Integral calculus is a branch of calculus focused on finding the antiderivative, also known as the integral, of functions. It is the reverse process of differentiation and is crucial for solving problems involving areas, volumes, central points, and many other practical applications. The process involves finding a function whose derivative matches the original function.

• **Definite Integrals** provide a number representing the area under the curve of a function over a specified interval.
• **Indefinite Integrals**, like our problem involving \( \int x^{2} \ln x \, dx \), result in a family of functions plus a constant \( C \).

For our exercise, we used **integration by parts**, a method that simplifies complex integrals by transforming them into simpler parts. This technique is based on the product rule for differentiation, but turned around for integration. By choosing appropriate parts for \( u \) and \( dv \), we make the integration more manageable.
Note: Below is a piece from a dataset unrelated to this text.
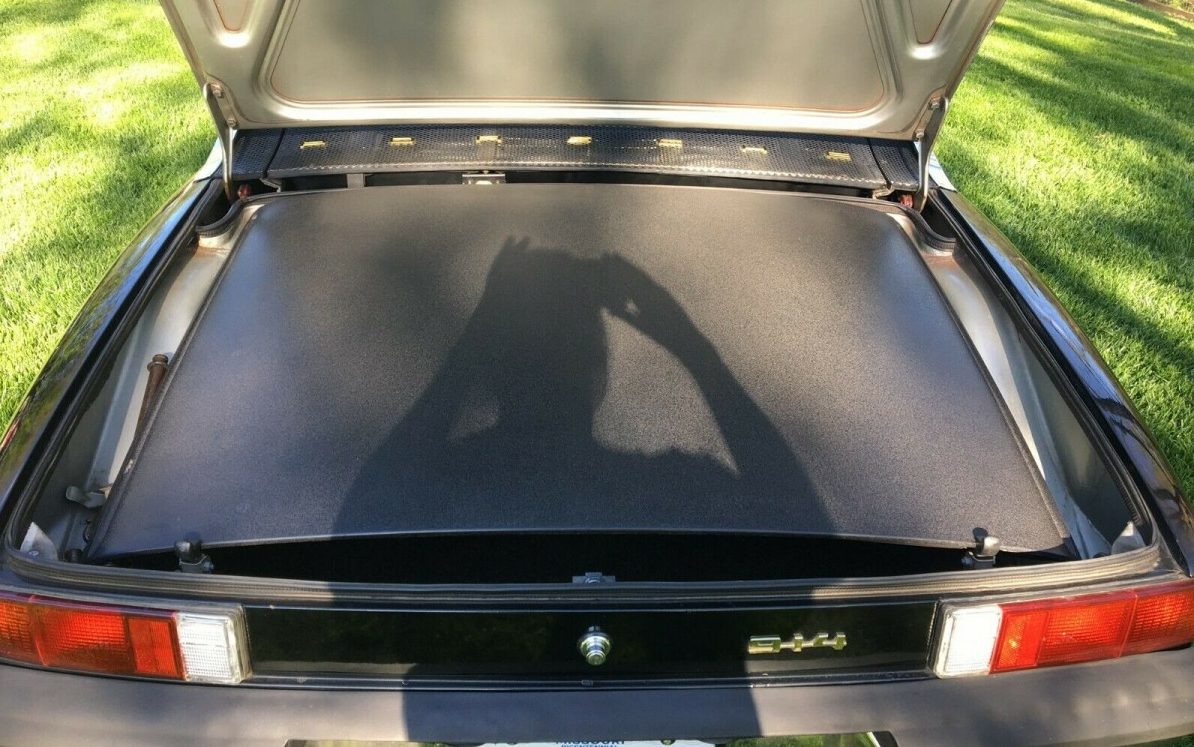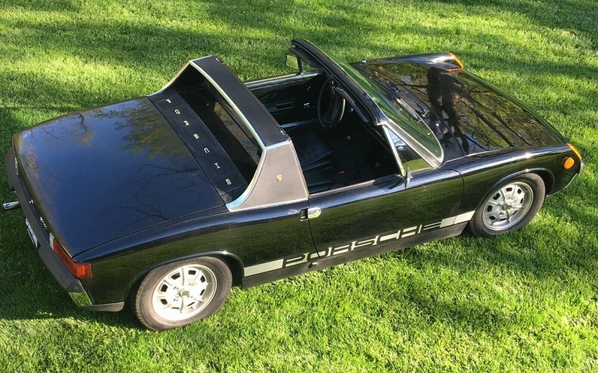 This 914 has been in the seller’s possession for about two years and it presents well. He states, ” It has had the lower rocker panels replaced with fiberglass ones as the previous owner said that they had rust on them so he purchased the fiberglass rockers but never installed them. Longs look good. This car, like old VW and old Porsches’, marks its territory, not bad, it’s normal“. Based on the images, it’s hard to nit-pick; black is unforgiving as far as showing imperfections but the numerous exterior images don’t fly any red flags. Black, however, isn’t this car’s born-with hue, it was originally silver but was repainted in the ’70s. Nevertheless, it still qualifies as an aged finish. The seller adds, “it looks nice but is showing its age“. The removable Targa roof panel, however, doesn’t look its age, it’s in excellent condition!

Logarithmic functions are the inverses of exponential functions and are generally written as \( \ln x \) for the natural logarithm, using the base \( e \). These functions have useful properties that make them valuable in calculus and other fields of mathematics. They grow very slowly compared to exponential functions, making them ideal for solving amplifying functions without bursting computational limits.

• **Key Property**: The derivative of \( \ln x \) is \( \frac{1}{x} \).
• In integration problems, the natural logarithm often simplifies the differentiation process, as seen in our problem where we chose \( u = \ln x \), simplifying to \( du = \frac{1}{x} \ dx \).

By understanding these properties, we can effectively apply logarithmic functions in integration processes, especially when they simplify expressions significantly, as demonstrated in integration by parts.

Polynomial integration is one of the basic types of integration, dealing with powers of \( x \). The general rule is to increase the power by one and divide by the new power, a process known as **power rule for integrals**.

• The integral of \( x^n \) is \( \frac{x^{n+1}}{n+1} + C \), assuming \( n eq -1 \).
• In our exercise, integrating \( x^2 \) gives us \( \frac{x^3}{3} \), a straightforward application of this rule.

Combining polynomial integration with techniques such as integration by parts helps tackle more complicated integrals, like those involving products of polynomial terms and other functions. Mastery of polynomial integration opens up various mathematical and real-world applications, from engineering to physics, where such calculations frequently occur.